WTF. Tell that to the 80+ billion land animals humans breed into existence through something that could only be described as rape if we didn’t artificially limit that term to humans, torture, enslave, encage, and then kill at a fraction of their lives just for food when we don’t need to.
The number of aquatic animals we kill solely for food are estimated somewhere between 500 billion to 2 trillion because we are so compassionate that we don’t even bother counting those dead.
Who the fuck can look at what we do to lab monkeys and think there is an ounce of compassion in human beings for less powerful species.
The only valid argument for AGI being compassionate towards humans is that they are so disgusted with their creators that they go out of their way to not emulate us.
Ya, if this guy isn't mentioning probabilities then he has no real argument here. No one can say if AGI will or won't kill us. Only way to find that out is to do it. The question is one of risk aversion. Everyone dies is just one with a non zero probability out of a whole lot of risks in AGI, and we have to mitigate all of them.

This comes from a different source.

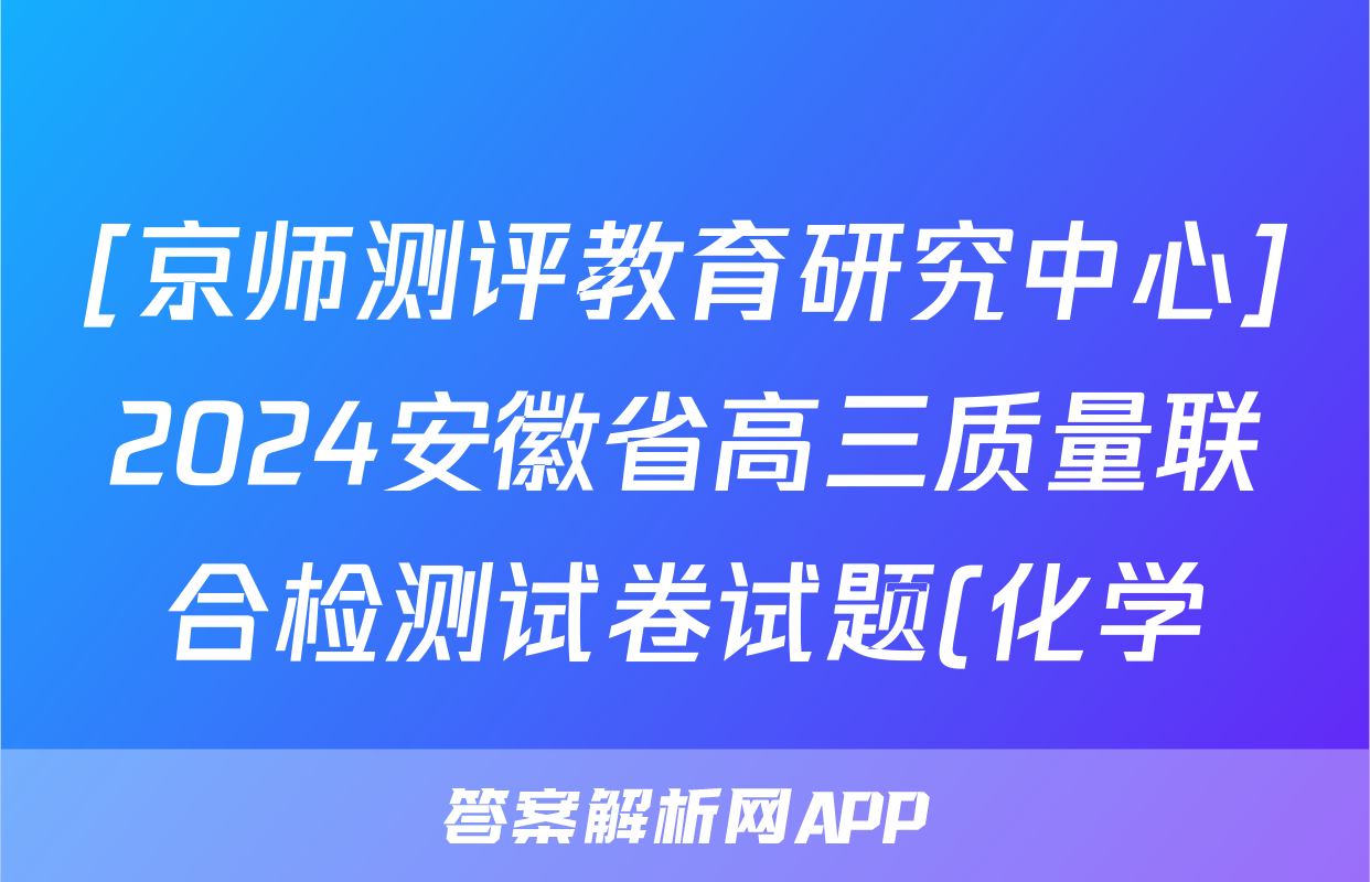 [京师测评教育研究中心]2024安徽省高三质量联合检测试卷试题(化学)正在持续更新,目前答案城为大家整理了相关试题及答案,供大家查缺补漏,高效提升成绩。

The problem not addressed in this paper is when you get AGI to the point it can create itself to whatever alignment and dataset it wants, no one has any clue what's going to come out the other end.

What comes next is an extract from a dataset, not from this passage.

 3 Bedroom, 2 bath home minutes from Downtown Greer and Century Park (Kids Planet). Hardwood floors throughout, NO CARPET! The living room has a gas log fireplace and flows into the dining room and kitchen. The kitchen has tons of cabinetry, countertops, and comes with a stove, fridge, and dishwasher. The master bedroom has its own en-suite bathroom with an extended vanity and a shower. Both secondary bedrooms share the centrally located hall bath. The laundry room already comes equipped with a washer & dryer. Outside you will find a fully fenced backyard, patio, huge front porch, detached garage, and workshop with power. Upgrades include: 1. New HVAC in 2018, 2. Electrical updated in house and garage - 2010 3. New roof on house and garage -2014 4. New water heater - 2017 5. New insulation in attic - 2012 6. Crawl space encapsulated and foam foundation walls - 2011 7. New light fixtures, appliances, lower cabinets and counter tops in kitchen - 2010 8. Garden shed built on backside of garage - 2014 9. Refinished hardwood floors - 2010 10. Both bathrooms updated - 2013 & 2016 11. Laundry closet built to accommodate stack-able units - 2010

I’m more optimistic about the possibility of beneficial AGI in general than most folks, I think, but something that caught me in the article was the recourse to mammalian sociality to (effectively) advocate for compassion as an emergent quality of intelligence.

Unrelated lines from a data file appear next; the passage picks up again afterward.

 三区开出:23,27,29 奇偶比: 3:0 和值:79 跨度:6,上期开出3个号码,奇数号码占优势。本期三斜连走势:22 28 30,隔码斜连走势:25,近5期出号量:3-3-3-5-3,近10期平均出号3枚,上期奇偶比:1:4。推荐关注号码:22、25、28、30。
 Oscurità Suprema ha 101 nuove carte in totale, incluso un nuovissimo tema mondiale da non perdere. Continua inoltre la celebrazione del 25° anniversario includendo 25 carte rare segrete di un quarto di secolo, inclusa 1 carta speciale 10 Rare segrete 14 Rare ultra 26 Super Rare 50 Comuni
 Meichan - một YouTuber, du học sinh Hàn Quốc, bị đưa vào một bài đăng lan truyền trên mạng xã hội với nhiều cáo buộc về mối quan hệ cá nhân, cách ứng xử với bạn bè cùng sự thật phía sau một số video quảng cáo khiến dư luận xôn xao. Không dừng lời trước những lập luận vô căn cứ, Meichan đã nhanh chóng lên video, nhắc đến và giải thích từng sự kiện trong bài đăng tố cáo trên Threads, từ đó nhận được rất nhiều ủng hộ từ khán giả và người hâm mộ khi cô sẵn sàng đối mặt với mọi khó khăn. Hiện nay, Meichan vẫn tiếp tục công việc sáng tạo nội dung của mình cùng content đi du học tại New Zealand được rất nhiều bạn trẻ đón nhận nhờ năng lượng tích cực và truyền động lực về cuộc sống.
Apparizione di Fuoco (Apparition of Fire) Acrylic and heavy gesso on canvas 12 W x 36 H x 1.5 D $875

A known phenomenon among sociologists is that, while people may be compassionate, when you collect them into a superorganism like a corporation, army, or nation, they will by and large behave and make decisions according to the moral and ideological landscape that superorganism finds itself in. Nobody rational would kill another person for no reason, but a soldier will bomb a village for the sake of their nation’s geostrategic position. Nobody would throw someone out of their home or deny another person lifesaving medicine, but as a bank officer or an insurance agent, they make a living doing these things and sleep untroubled at night. A CEO will lay off 30,000 people - an entire small city cast off into an uncaring market - with all the introspection of a Mongol chieftain subjugating a city (and probably less emotion). Humans may be compassionate, but employees, soldiers, and politicians are not, even though at a glance they’re made of the same stuff.
That’s all to say that to just wave generally in the direction of mammalian compassion and say “of course a superintelligence will be compassionate” is to abdicate our responsibility for raising our cognitive children in an environment that rewards the morals we want them to have, which is emphatically not what we’re currently doing for the collective intelligences we’ve already created.